Copyright © 2013 Stuart Neville
All right reserved.

ISBN: 9781616952044

CHAPTER ONE
 
   “You don’t look like a Jew,” Helmut Krauss said to the man
reflected in the window pane.
   Beyond the glass, rolling white waves threw themselves
against the rocks of Galway Bay, the Atlantic glowering
beyond. The guesthouse in Salthill was basic, but clean. The
small seaside town outside Galway City hosted families from
all over Ireland seeking a few days of salt air and sunshine
during the summer months. Sometimes it provided beds for
unmarried couples, fornicators and adulterers with the nerve
to bluff their way past the morally upright proprietors of such
establishments.
   Krauss knew so because he had enjoyed the company of several
ladies in guesthouses like this one, taking bracing walks along
the seafront, enduring overcooked meals in mostly empty dining
rooms, then finally rattling the headboard of whatever bed they
had taken. He carried a selection of wedding rings in his pocket,
alongside the prophylactics.
   This dreary island, more grey than green, so choked by the
Godly, provided him few pleasures. So why not enjoy the odd
sordid excursion with a needful woman?
   Perhaps Krauss should have allowed himself the luxury of a
decent hotel in the city, but a funeral, even if for a close friend,
did not seem a fitting occasion. The security might have been
better, though, and this visitor might not have gained entry so
easily. For a moment, Krauss felt an aching regret, but immediately
dismissed it as foolishness. Had he been the kind of man
who submitted to regret, he would have hanged himself ten
years ago.
   “Are you a Jew?” Krauss asked.
   The reflection shifted. “Maybe. Maybe not.”
   “I saw you at the funeral,” Krauss said. “It was a beautiful
service.”
   “Very,” the reflection said. “You wept.”
   “He was a good man,” Krauss said. He watched seagulls as
they skated the updrafts.
   “He was a murderer of women and children,” the reflection
said. “Like you.”
   “Murderer,” Krauss said. “Your accent is British. For many
people in Ireland, you British are murderers. Oppressors.
Imperialists.”
   The reflection swelled on the glass as the man approached.

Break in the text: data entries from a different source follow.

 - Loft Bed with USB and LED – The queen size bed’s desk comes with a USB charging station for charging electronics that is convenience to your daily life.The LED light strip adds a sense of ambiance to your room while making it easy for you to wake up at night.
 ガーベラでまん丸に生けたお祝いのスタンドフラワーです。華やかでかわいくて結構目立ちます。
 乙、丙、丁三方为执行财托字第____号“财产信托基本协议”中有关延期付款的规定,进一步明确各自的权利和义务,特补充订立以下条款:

   “You hide your accent well.”
   “I enjoy the spoken word. To a fault, perhaps, but I spend time
refining and practicing my speech. Besides, a German accent still
draws attention, even in Ireland. They shelter me, but not all
make me welcome. Some cling to their British overmasters like a
child too old for the teat.”
   Krauss had felt the weight of his age more frequently in recent
times. His thick black hair had greyed, the sculpted features
turned cragged. The veins in his nose had begun to rupture
with the vodka and wine. Women no longer stared at him with
hungry eyes when he took his afternoon walks through Dublin’s
Ringsend Park. But he still had good years ahead of him, however
few. Would this man steal them from him?
   “Have you come to kill me too?” he asked.

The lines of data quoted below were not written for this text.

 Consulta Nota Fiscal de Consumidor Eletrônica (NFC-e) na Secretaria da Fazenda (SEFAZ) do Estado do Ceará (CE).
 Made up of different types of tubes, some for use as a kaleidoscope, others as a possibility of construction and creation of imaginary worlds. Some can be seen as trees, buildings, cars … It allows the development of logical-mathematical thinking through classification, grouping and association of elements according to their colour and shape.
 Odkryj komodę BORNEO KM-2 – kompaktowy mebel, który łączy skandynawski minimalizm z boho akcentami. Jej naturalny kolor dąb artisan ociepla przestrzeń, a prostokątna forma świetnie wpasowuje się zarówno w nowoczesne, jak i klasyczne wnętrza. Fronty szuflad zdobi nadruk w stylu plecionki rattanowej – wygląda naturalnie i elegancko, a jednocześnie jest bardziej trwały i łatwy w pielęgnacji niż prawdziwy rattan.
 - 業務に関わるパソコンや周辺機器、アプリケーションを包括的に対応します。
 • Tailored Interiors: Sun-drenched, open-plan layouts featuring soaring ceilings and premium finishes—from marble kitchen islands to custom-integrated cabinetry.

   “Maybe. Maybe not,” the reflection said.
   “May I take a drink, perhaps smoke a cigarette?”
   “You may.”
   Krauss turned to him. A man of middle age, between forty
and forty five, old enough to have served in the war. He had
looked younger across the cemetery, dressed in the overalls of a
gravedigger, but proximity showed the lines on his forehead and
around his eyes. Sand-coloured hair strayed beneath the woollen
cap on his head. He held a pistol, a Browning fitted with a suppressor,
aimed squarely at Krauss’s chest. It shook.

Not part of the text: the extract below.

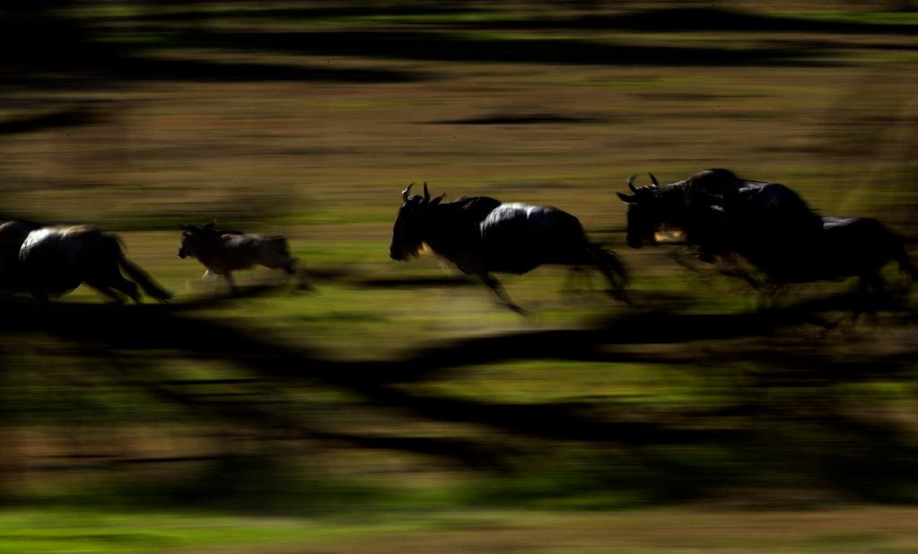 在馬賽馬拉國家保護區(qū),遷徙中的角馬因為感受到某種危險而奮力奔跑。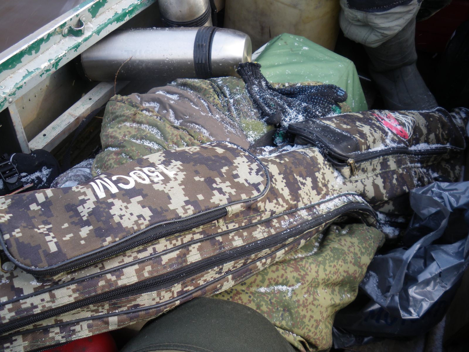 Но, долго ли, коротко ли, добрались мы, наконец, и до Чуйки, нашли место под временный лагерь и зачалили лодку. Разгрузились. Снаряги оказалось на удивление мало! Кстати, спасибо Алексею Александровичу за просторные чехлы для изделий «двадцать второй» серии! В свободное пространство легко можно впихнуть, например, МБ-10! Но я (помимо комплекта самодельных арматурных кольев в термоусадке, которые тоже места жрут – мама, не горюй!) там размещаю «шикардос» в чехле, пару утепленных полиуретановых полугалош-полусапог с вкладышами (у нас их ласково называют «ояшиками», уж не знаю, почему), топор и флиску-подбушлатник, что экономит несколько мест багажа.

   “Would you care for a small vodka?” Krauss asked. “Perhaps it
will steady your nerve.”
   The man considered for a few seconds. “All right,” he said.
   Krauss went to the nightstand where a bottle of imported
vodka and a tea making set waited next to that morning’s Irish
Times. The front page carried a headline about the forthcoming
visit of President John F Kennedy, a story concerning a
request by the Northern Irish government that he should venture
across the border during his days on the island. The Irish
worshipped the American leader because he was one of theirs,
however many generations removed, and anticipation of his
arrival had reached a point of near hysteria. Krauss intended
to avoid all radio and television broadcasts for the duration of
Kennedy’s stay.
   Not that it mattered now.
   Krauss turned two white teacups over and poured a generous
shot into each. He went to soften one with water from a jug, but
the man spoke.
   “No water, thank you.”
   Krauss smiled as he handed a cup to the man. “No glasses, I’m
afraid. I hope you don’t mind.”
   The man nodded his thanks as he took the cup with his left
hand. Undiluted vodka spilled over the lip. He took a sip and
coughed.
   Krauss reached into the breast pocket of his best black suit.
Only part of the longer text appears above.